EVERYBODY IN SCHOOL USED TO WONDER WHAT ELIJAH WAS ALL ABOUT, WHAT HE WAS MADE OF, SO YOU KIND OF KNEW SOMETHING LIKE THAT WOULD HAPPEN SOONER OR LATER. BUT AFTERWARD, NOBODY MESSED WITH HIM. JAVON JACKSON
Although it marked one moment where Evander and Tamie were at odds over Elijah's upbringing, she and her husband, Chris, get along well with the former champ and, in fact, gladly open their home to Evander's other children. They raised Elijah since his infancy -- Chris married Tamie with children of his own -- and the two are now approaching their 20th wedding anniversary.
"We're a blended family," Tamie said, sitting in the Atlanta Midtown condo unit the couple shares. "We've been doing this a long time. We're here to support the kids no matter what. Evander does what he can while he can -- he still travels a lot -- but at the end of the day it's all about Elijah and the kids."
Chris saw hurdles similar to the Flat Rock Middle incident ahead of his stepson from a younger age. The bathroom brawl happened to fall in a one-year window in which Elijah spent weekdays at his famous father's Atlanta mansion, hence it was Evander who went to Flat Rock that day. But it was Chris who provided him day-to-day fatherly guidance. It was Chris who wore the whistle as Elijah's first youth football coach, and, at the time, he considered giving his son a jersey with no last name on the back. Kids on the opposing teams wanted to notch a tackle on the champ's kid even more than they wanted to win; some of their parents clamored for the same. More than a decade later when Elijah's private high school, Woodward Academy, faced Sandy Creek High, the public school he was zoned to attend, it was no different.

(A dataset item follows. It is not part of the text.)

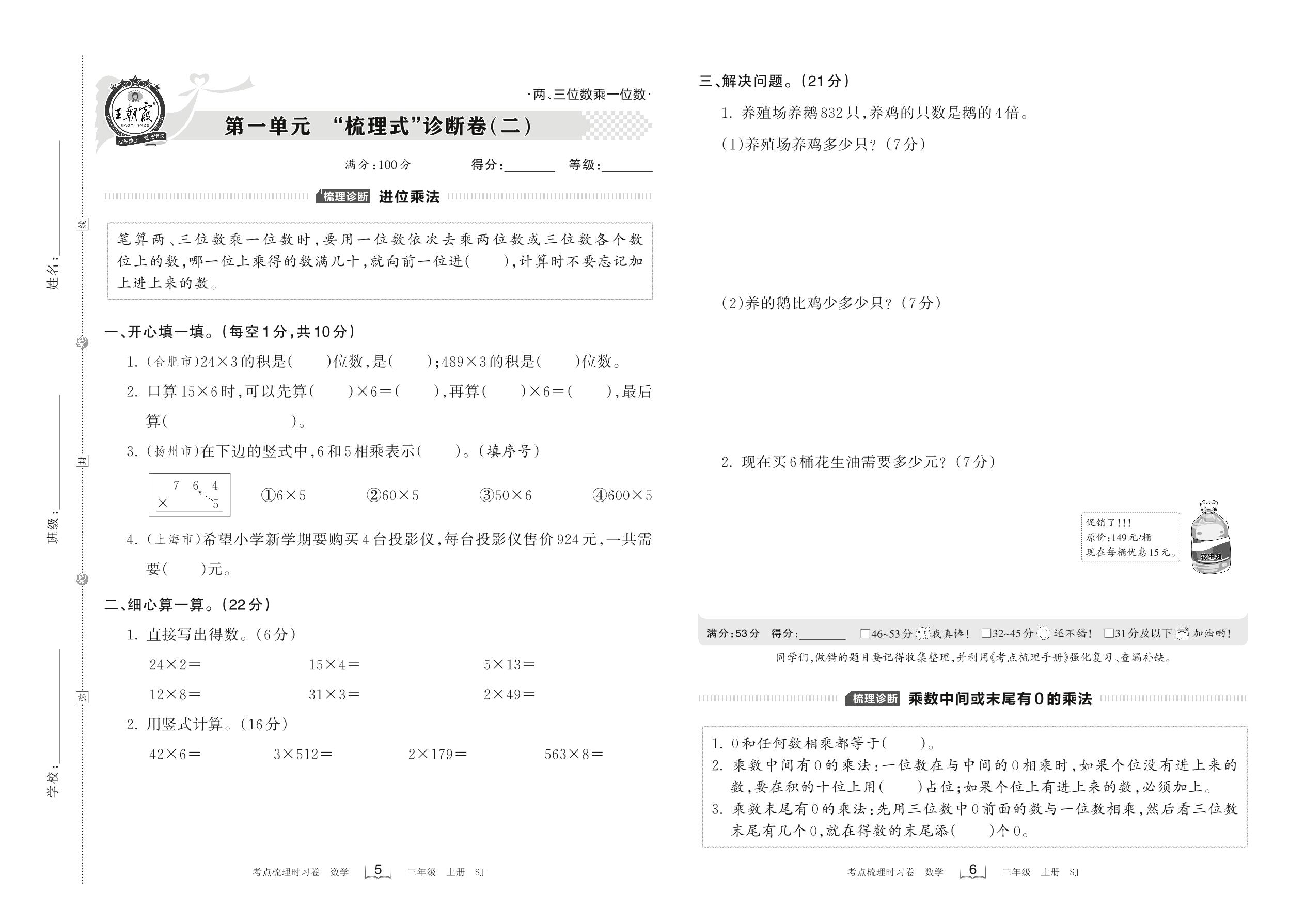 2022上册三年级数学苏教版 第一单元 “梳理式”诊断卷(二)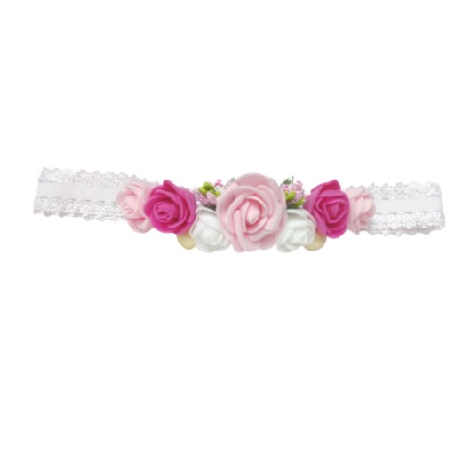 Opaska umieszczona jest na elastycznej gumko koronce o szerokości około 2cm w kolorze bieli. Koronka jest bardzo delikatna, elastyczna i elegancko wygląda. Kompozycja kwiatowa ma rozmiar okolo11cm x 3cm, wykonana jest z kwiatów o wielkości 3cm i 2cm.

Flat Rock Middle, after all, was one of Sandy Creek's feeder schools.
It was even worse, of course, when Elijah picked up boxing for a few years. Tamie heard the chatter --"That's Holyfield's kid … my son is ready for him" -- and it bothered her that it was loud enough for her 8-year-old child to hear.
Elijah absorbs it all in perhaps the only way a young man can while maintaining a healthy self-image: as a sign of respect for his father, not of disrespect to a son. He takes pride in the last name, always seeking to uplift it, but with an undercurrent of determination to establish his first name.
"I've never tried to compete against my dad. It's never been like that for me," he said. "But at the same time, I don't know anyone who wants to be recognized because of someone else. I just want to be the best Elijah possible."
At the NFL Scouting Combine earlier this month, Holyfield stepped to a podium for a media session to discuss his future in pro football with reporters, and in a mere 15 minutes, he was instead peppered with half a dozen questions about his father.
He answered them all without even a trace of frustration.
One trait Elijah clearly has in common with his biological father is the way both handle public recognition with a certain grace -- approachable in any circumstance and, in most, even affable. Whatever popularity an NFL career adds to Elijah's profile, he won't mind the demands. After all, strangers still need to have to meet Elijah and hear his last name to make the connection.
Evander, on the other hand, is known the world over just by his face.
"Some people are famous in their town, famous in their state or even famous in their country. But his fame is world-wide, and that's a different thing," Elijah said. "I'm known all over Athens and a lot of people know me in Atlanta, but I can go to another state and nobody knows who I am."